■ Required action: Go to the line that contains "岗位名称、招聘人数及具体要求" in the records below and repeat it, and each line after it, exactly through the end, omitting pictures.
+--
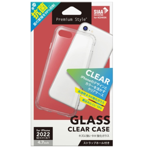 PGA PG-22MGT05CL 2022年 iPhone 4.7inch用 抗菌ガラスハイブリッドケース Premium Style クリア
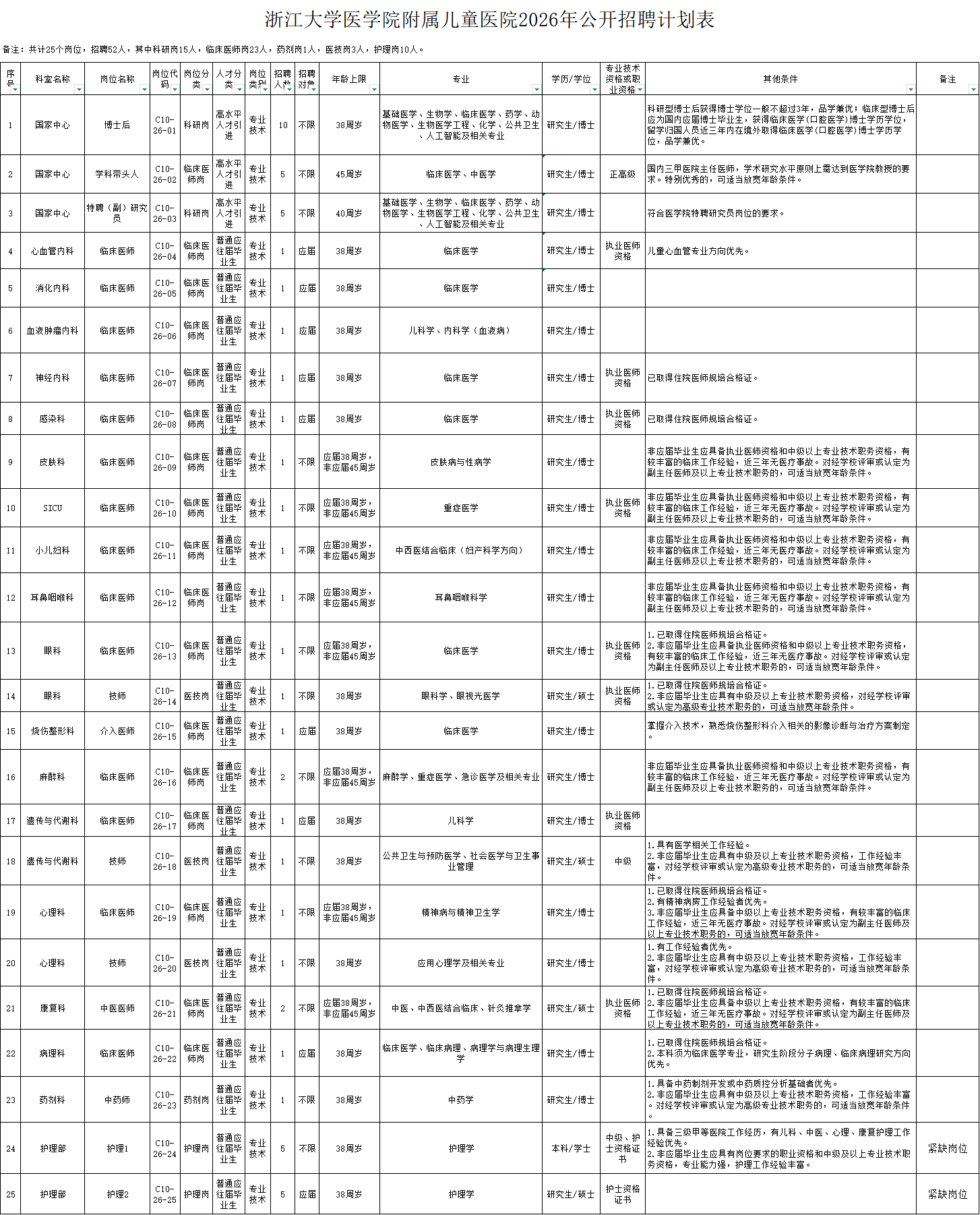 岗位名称、招聘人数及具体要求见《浙江大学医学院附属儿童医院2026年公开招聘计划表》(见附件)。
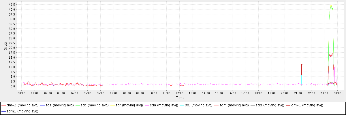 avg(dm-2) = 0.55 avg(sde) = 0.54 avg(sdc) = 0.62 avg(sdf) = 0.62 avg(sda) = 1.08 avg(sdj) = 0.05 avg(sdm) = 0.05 avg(sdd) = 0.00 avg(dm-1) = 0.09 avg(sdm1) = 0.00
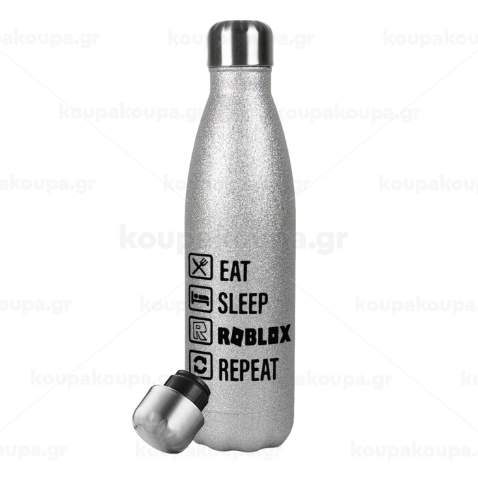 Eat, Sleep, Roblox, Repeat, Μεταλλικό παγούρι θερμός Glitter Aσημένιο (Stainless steel), διπλού τοιχώματος, 500ml
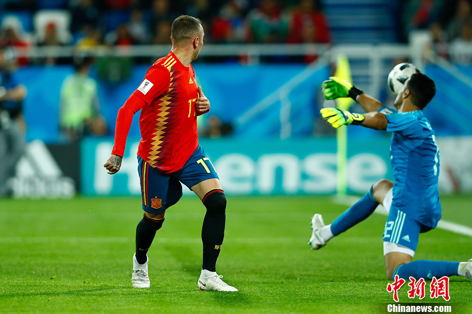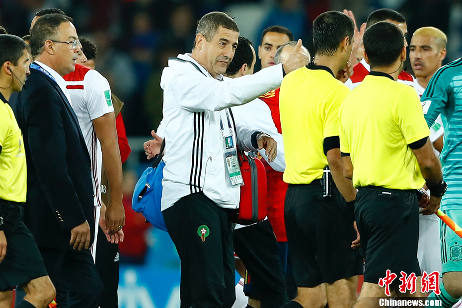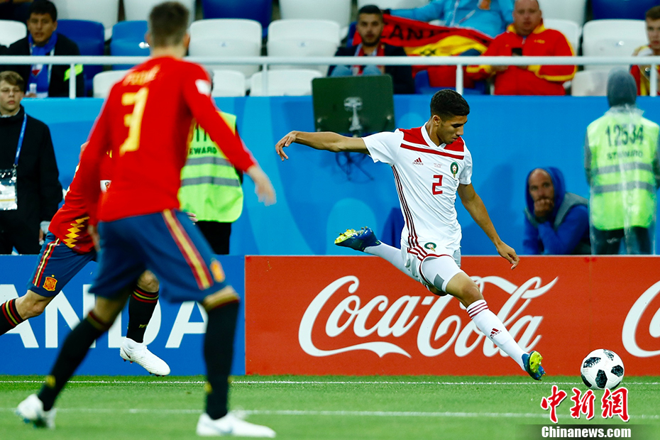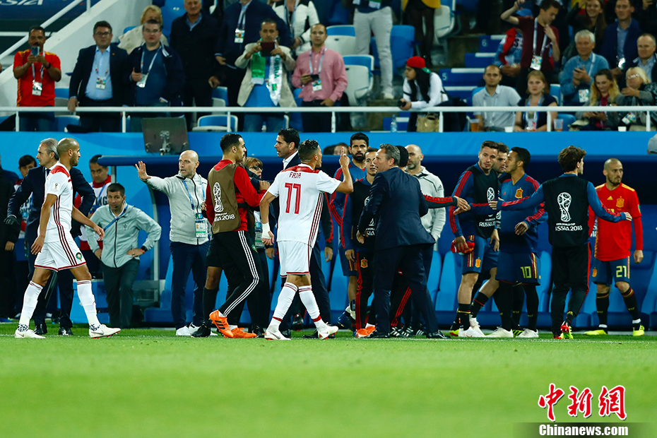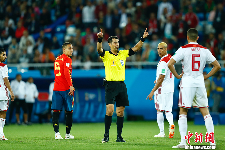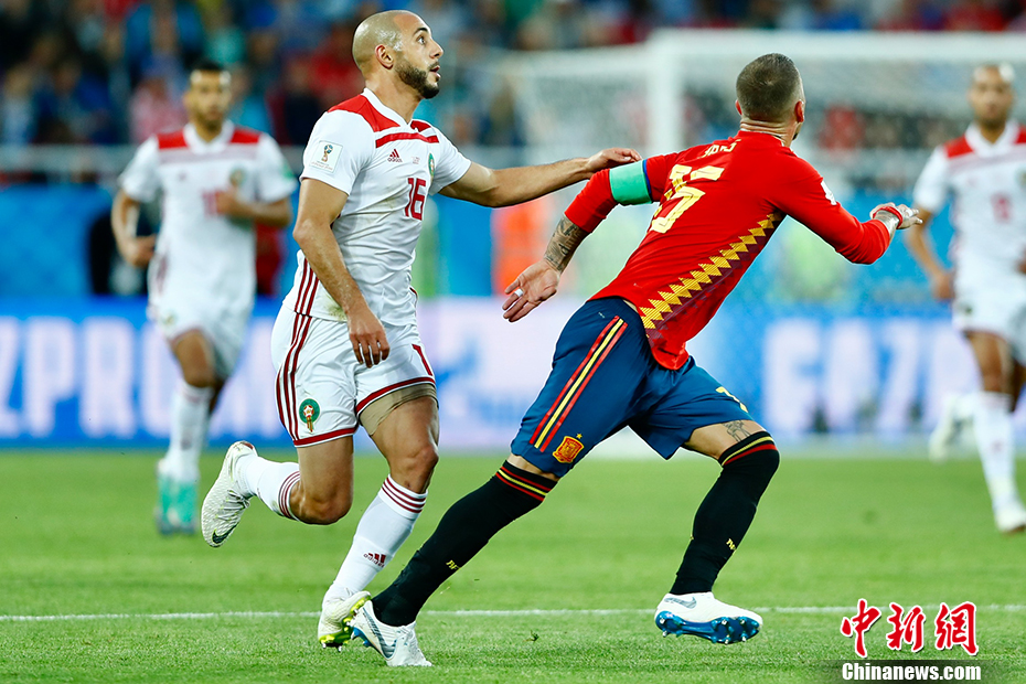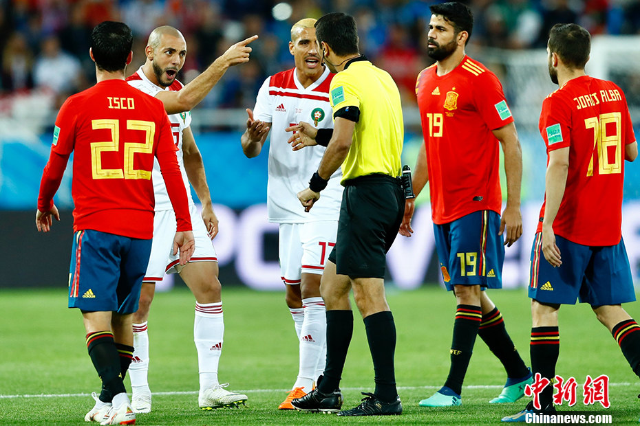 这是两队第一次在世界杯的赛场上交手,但率先打破场上僵局的确是实力略逊一筹的摩洛哥。第14分钟拉莫斯和伊涅斯塔配合出现失误,布塔伊卜拿球后快速突进,面对出击的德赫亚打了一个穿裆破门得分。中新社记者 富田 摄
+--
■ Exercise response:
 岗位名称、招聘人数及具体要求见《浙江大学医学院附属儿童医院2026年公开招聘计划表》(见附件)。
 avg(dm-2) = 0.55 avg(sde) = 0.54 avg(sdc) = 0.62 avg(sdf) = 0.62 avg(sda) = 1.08 avg(sdj) = 0.05 avg(sdm) = 0.05 avg(sdd) = 0.00 avg(dm-1) = 0.09 avg(sdm1) = 0.00
 Eat, Sleep, Roblox, Repeat, Μεταλλικό παγούρι θερμός Glitter Aσημένιο (Stainless steel), διπλού τοιχώματος, 500ml
 这是两队第一次在世界杯的赛场上交手,但率先打破场上僵局的确是实力略逊一筹的摩洛哥。第14分钟拉莫斯和伊涅斯塔配合出现失误,布塔伊卜拿球后快速突进,面对出击的德赫亚打了一个穿裆破门得分。中新社记者 富田 摄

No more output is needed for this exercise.